Natural Health News — Scientists have discovered for the first time that the rhythm of breathing creates electrical activity in the human brain that enhances emotional judgments and memory recall.
The precise effects on behaviour, they have found, depend critically on whether you inhale or exhale and whether you breathe through the nose or mouth.
The researchers from Northwestern University first discovered these differences in brain activity while studying seven patients with epilepsy who were scheduled for brain surgery.
A week prior to surgery, a surgeon implanted electrodes into the patients’ brains in order to identify the origin of their seizures. The recorded electrical signals showed activity, in areas of the brain where emotions, memory and smells are processed, fluctuated with breathing.
This discovery led scientists to ask whether cognitive functions typically associated with these brain areas could also be affected by breathing.
» Scientists have found that how we breathe affects different areas of the brain differently.
» Inhalation and exhalation have different effects on the brain with inhalation acting to synchronise brain oscillations across the limbic network.
» In addition, the kind of nasal breathing associated with yoga or mediation, was found to sharpen perceptions in parts of the brain that process emotions such as fear.
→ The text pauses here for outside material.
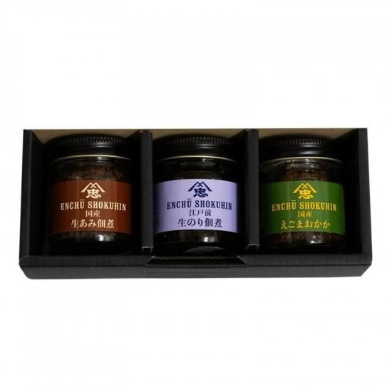 その遠忠食品から、あひるの家でもダントツ人気の【江戸前生のり佃煮】と【国産えごまおかか】【国産生あみ佃煮】のプチサイズの佃煮3本が化粧箱に入ったギフトセットが登場しました。
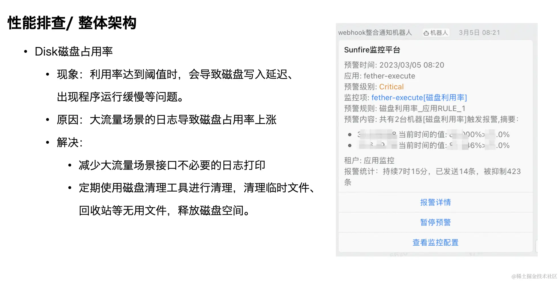 在发现问题后,我们迅速取消了不必要的日志记录,并增加了定时清理磁盘的工具,以释放磁盘空间。这样做有助于解决磁盘空间问题,因为高磁盘利用率会导致磁盘写入延迟和运行速度下降,这是一个相当严重的问题。

So, as a next step, scientists set up series of sets tests to look more deeply into how breathing affected fear and memory processing in the brain.
In the first tests the participants were presented with pictures of faces showing expressions of either fear or surprise, and were asked to make rapid decisions on which emotion was being expressed. How they were breathing was monitored throughout the experiment.
When faces were encountered during inhalation, the participants recognised them as fearful more quickly than when faces were encountered during exhalation. This was not true for faces expressing surprise.
These effects diminished when subjects performed the same task while breathing through their mouths. Thus the effect in the amygdala area of the brain responsible or processing fear, was specific to fearful stimuli during nasal breathing only.
In an experiment aimed at assessing memory function – tied to the hippocampus – the same subjects were shown pictures of objects on a computer screen and told to remember them. Later, they were asked to recall those objects. Researchers found that recall was better if the images were encountered during inhalation.
“One of the major findings in this study is that there is a dramatic difference in brain activity in the amygdala and hippocampus during inhalation compared with exhalation,” said lead author Christina Zelano, assistant professor of neurology at Northwestern University Feinberg School of Medicine. “When you breathe in, we discovered you are stimulating neurons in the olfactory cortex, amygdala and hippocampus, all across the limbic system.”
Evolutionary and emotional advantage
The findings, published in the Journal of Neuroscience imply that rapid breathing may confer an advantage when someone is in a dangerous situation, said Zelano.
“If you are in a panic state, your breathing rhythm becomes faster. As a result you’ll spend proportionally more time inhaling than when in a calm state. Thus, our body’s innate response to fear with faster breathing could have a positive impact on brain function and result in faster response times to dangerous stimuli in the environment.”
But another potential insight from the research relates to the basic mechanisms of meditation or focused breathing. “When you inhale, you are in a sense synchronising brain oscillations across the limbic network,” she noted.